##### RECORDS PROVIDED
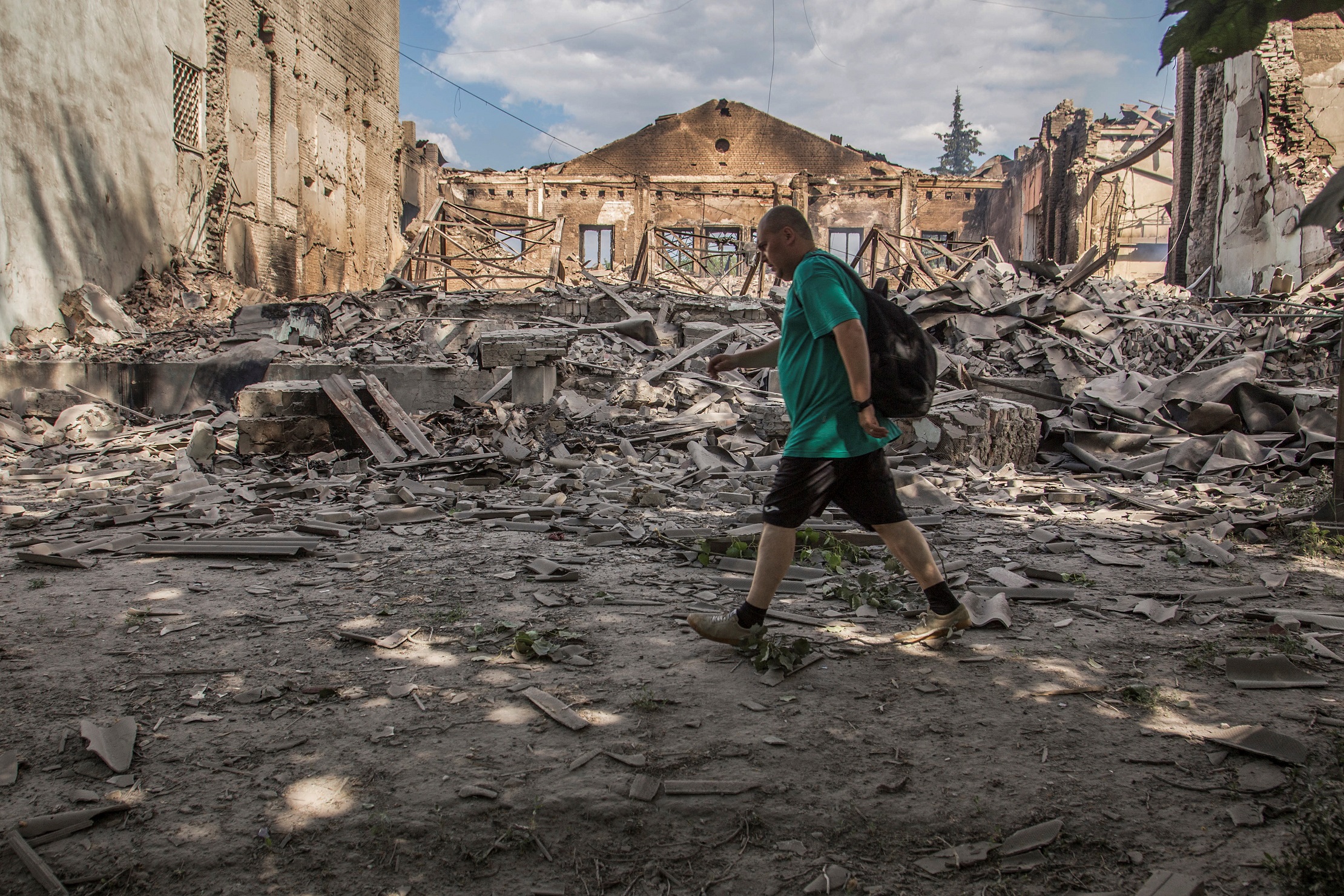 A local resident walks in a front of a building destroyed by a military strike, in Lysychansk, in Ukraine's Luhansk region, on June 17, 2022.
##########
##### RECORDS PROVIDED
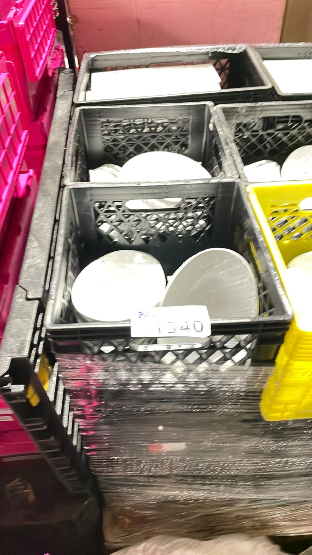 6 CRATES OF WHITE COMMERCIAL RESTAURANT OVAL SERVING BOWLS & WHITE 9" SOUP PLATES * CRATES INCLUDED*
##########
##### RECORDS PROVIDED
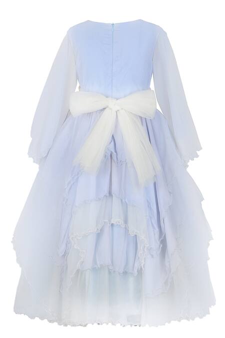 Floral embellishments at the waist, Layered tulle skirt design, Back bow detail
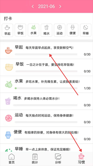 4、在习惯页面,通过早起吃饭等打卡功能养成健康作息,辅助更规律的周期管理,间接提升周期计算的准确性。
##########
§ **EXERCISE DIRECTIONS**
From the records above, extract the lines from the one holding "Floral embellishments at" through the one holding "4、在习惯页面,通过早起吃饭", word for word; omit the pictures.

§ **RESPONSE BELOW**
 Floral embellishments at the waist, Layered tulle skirt design, Back bow detail
 4、在习惯页面,通过早起吃饭等打卡功能养成健康作息,辅助更规律的周期管理,间接提升周期计算的准确性。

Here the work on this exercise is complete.